Exercise material |

****

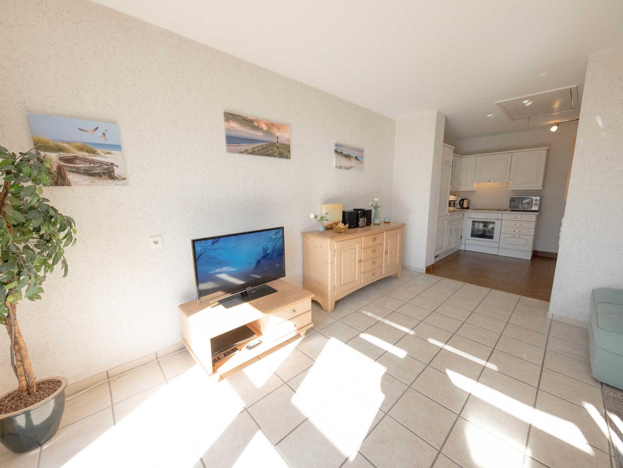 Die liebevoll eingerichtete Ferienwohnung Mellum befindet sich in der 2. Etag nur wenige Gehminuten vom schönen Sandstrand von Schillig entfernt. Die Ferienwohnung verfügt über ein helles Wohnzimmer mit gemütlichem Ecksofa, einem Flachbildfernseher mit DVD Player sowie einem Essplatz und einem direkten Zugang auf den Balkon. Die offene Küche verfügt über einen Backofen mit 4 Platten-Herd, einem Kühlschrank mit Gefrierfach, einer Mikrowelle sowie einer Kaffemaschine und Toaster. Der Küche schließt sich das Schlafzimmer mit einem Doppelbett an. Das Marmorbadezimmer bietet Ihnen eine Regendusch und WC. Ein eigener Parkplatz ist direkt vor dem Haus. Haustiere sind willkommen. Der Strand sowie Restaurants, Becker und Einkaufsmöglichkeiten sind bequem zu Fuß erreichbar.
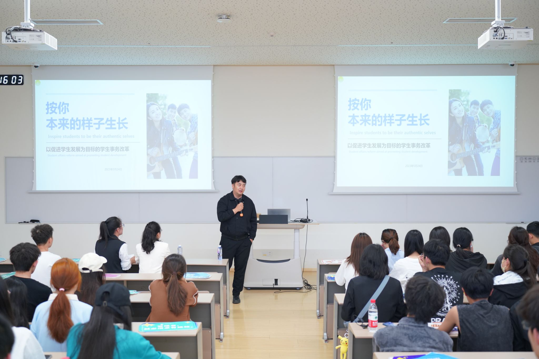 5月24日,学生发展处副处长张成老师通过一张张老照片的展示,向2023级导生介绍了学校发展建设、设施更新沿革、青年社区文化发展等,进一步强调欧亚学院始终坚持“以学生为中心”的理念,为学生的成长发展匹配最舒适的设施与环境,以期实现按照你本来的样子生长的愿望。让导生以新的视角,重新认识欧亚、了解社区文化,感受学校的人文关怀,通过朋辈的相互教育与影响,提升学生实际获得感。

****

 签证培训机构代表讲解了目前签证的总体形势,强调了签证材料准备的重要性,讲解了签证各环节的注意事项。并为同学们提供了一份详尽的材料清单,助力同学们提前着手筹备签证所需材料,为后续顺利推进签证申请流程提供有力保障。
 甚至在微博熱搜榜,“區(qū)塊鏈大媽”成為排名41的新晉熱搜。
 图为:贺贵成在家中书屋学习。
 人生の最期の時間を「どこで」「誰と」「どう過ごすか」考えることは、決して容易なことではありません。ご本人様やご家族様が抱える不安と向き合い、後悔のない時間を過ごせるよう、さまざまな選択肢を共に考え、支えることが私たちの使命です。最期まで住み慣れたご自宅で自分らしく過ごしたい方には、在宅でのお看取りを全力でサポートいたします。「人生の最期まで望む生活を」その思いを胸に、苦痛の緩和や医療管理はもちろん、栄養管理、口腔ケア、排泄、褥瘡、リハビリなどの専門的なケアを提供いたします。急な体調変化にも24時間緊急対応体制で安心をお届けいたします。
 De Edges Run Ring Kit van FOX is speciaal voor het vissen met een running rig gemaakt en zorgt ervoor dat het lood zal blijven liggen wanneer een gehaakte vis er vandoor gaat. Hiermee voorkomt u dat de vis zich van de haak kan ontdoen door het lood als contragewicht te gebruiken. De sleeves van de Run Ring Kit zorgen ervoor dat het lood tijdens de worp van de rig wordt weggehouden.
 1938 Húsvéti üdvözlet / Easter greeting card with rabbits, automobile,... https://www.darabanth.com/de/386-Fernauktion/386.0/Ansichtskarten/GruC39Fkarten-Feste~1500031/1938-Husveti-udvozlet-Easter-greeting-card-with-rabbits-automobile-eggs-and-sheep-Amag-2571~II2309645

****

The lines above starting at the one that contains "De Edges Run" and ending at the one that contains "1938 Húsvéti üdvözlet" must be transcribed exactly, and no other lines may appear.

 De Edges Run Ring Kit van FOX is speciaal voor het vissen met een running rig gemaakt en zorgt ervoor dat het lood zal blijven liggen wanneer een gehaakte vis er vandoor gaat. Hiermee voorkomt u dat de vis zich van de haak kan ontdoen door het lood als contragewicht te gebruiken. De sleeves van de Run Ring Kit zorgen ervoor dat het lood tijdens de worp van de rig wordt weggehouden.
 1938 Húsvéti üdvözlet / Easter greeting card with rabbits, automobile,... https://www.darabanth.com/de/386-Fernauktion/386.0/Ansichtskarten/GruC39Fkarten-Feste~1500031/1938-Husveti-udvozlet-Easter-greeting-card-with-rabbits-automobile-eggs-and-sheep-Amag-2571~II2309645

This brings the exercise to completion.